Lake Bosomtwe: A Natural Solution to our Problems
International Day for Biodiversity 2020 will be celebrated globally on the 22nd of May under the theme: Our Solutions are in Nature. Due to the Corona Virus pandemic, all activities to mark the day has been moved online, respecting national prescriptions on social distancing and gatherings.
A Rocha Ghana as part of activities to mark International of Biodiversity 2020, is taking the opportunity to highlight the unique biological resources found in Ghana and their contribution to the well being of humans. Ghana is endowed with several diverse ecosystems and biological assets, we are going to share and showcase the unique ecosystems found in the four landscape that we intervene as an organization, in collaboration and partnership with several state and non-state actors. We hope this will inspire you, wherever you are to put in more effort to take actions to secure the biological diversity that supports our livelihoods and provide important life support services.
The four ecological landscapes are the; Mole Ecological Landscape in the Northern Part of Ghana, Lake Bosomtwe in the Ashanti Region, Atewa Range Forest Reserve in the Eastern Region and Muni -Pomadze Ramsar site in the Central Region of Ghana. These landscapes represent four of the major eco-zones in Ghana, that is, Savanna, High Forest Zone, Transition and Coastal eco-zones. These ecological landscapes provide different solutions for our daily needs and wellbeing.
The First Landscape to be featured in this series is the “Lake Bosomtwe Man and Biosphere Reserve”
Lake Bosomtwe is meteoric crater lake located in the Bosomtwe District in the Ashanti Region of Ghana. It is the only Endorheic (closed) lake in Ghana.
The lake basin and its catchment provide an example of Lake Ecosystem with a unique blend of species (including endemic spps) and habitats including wetland, forested catchment, marshes and grassy ridges. The area is of high national and global biodiversity significance with a high degree of endemism (eg Tilapia busumanna).

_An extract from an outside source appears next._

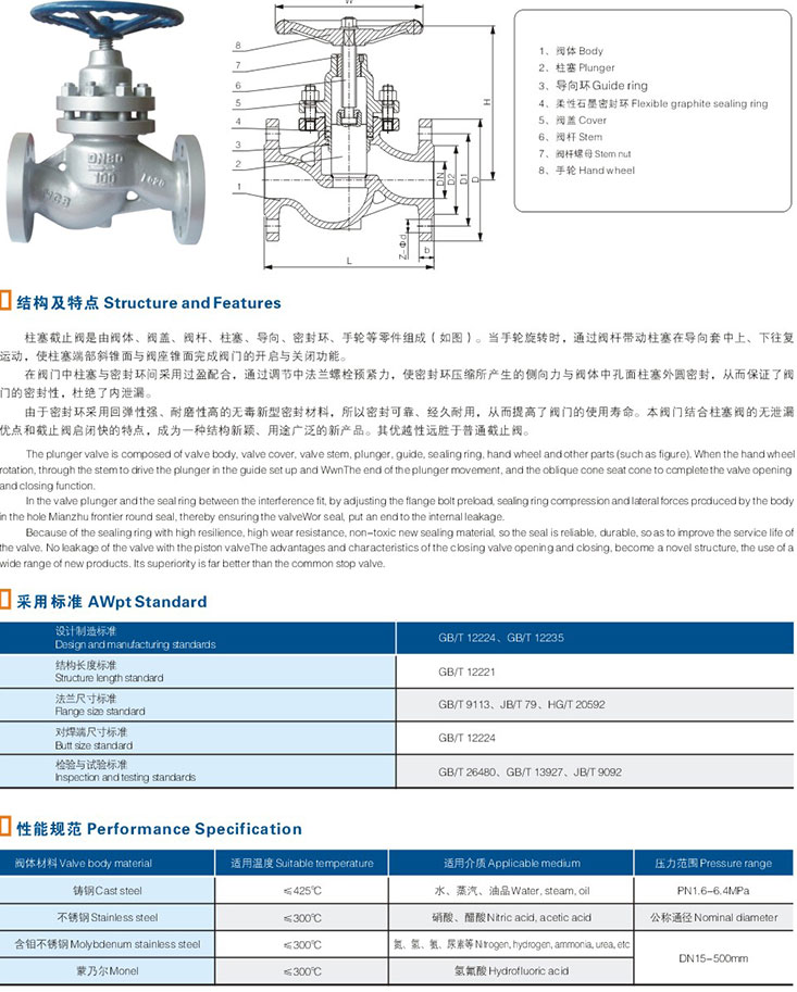 UJ41H拄塞截止閥UJ41H拄塞截止閥

Relative to its uniqueness and rarity, the site was designated as a Biosphere Reserve by the United Nations’ Man and Biosphere Committee in 2016. The southernmost section of the site overlaps the northern section of the Bosomtwe Range Forest Reserve, classified as an Important Bird Area.
There are large varieties of fauna that are recognized nationally and/or globally as endangered and/or threatened that can be found here including palm squirrel- Epixerus ebii, giant pangolin- Manis phataginus gigantea, black and white colobus- colobus vellerosus, and two-spotted palm civet -Nandinia binotata.
Also among the important commercial timber species of the catchment are: African Mahogany (Khaya senegalensis) used for medicinal purposes, Ofram (Terminalia superba,) popularly used for construction, and emeri (Terminalia ivorensis) used generally as joinery timber for interior and exterior applications in construction.
Culturally the lake is considered to be a sacred place for the Ashanti who believe is a transit point for the dead, therefore people are not permitted to fish in it with a dug-out canoe. The named “Bosomtwe” which in English translates “antelope god” was given to it by the hunter who found the lake after an antelope he was hunting disappeared into it. He believed that the water was a god and saved the life of the antelope.
The lake is a source of sustenance for the communities around it, providing them with livelihoods through fishing and use of its water for domestic and agricultural purposes.
Being the main inland water body in the Ashanti Region, the lake environment is rapidly gaining popularity as a tourist and recreational centre. It is an awe-inspiring place to relax and enjoy nature.
Currently the lake is under threat due to overfishing and unsustainable agricultural practices. As more hills around the lake are converted into agricultural lands, soil erosion poses a great problem. Currently the water level in the lake is gradually receding due to effects of climate change.
In order to continue to enjoy the solutions and services we obtain from Lake Bosomtwe, we must actively put in place sustainable measures to protect this unique ecosystem in Ghana.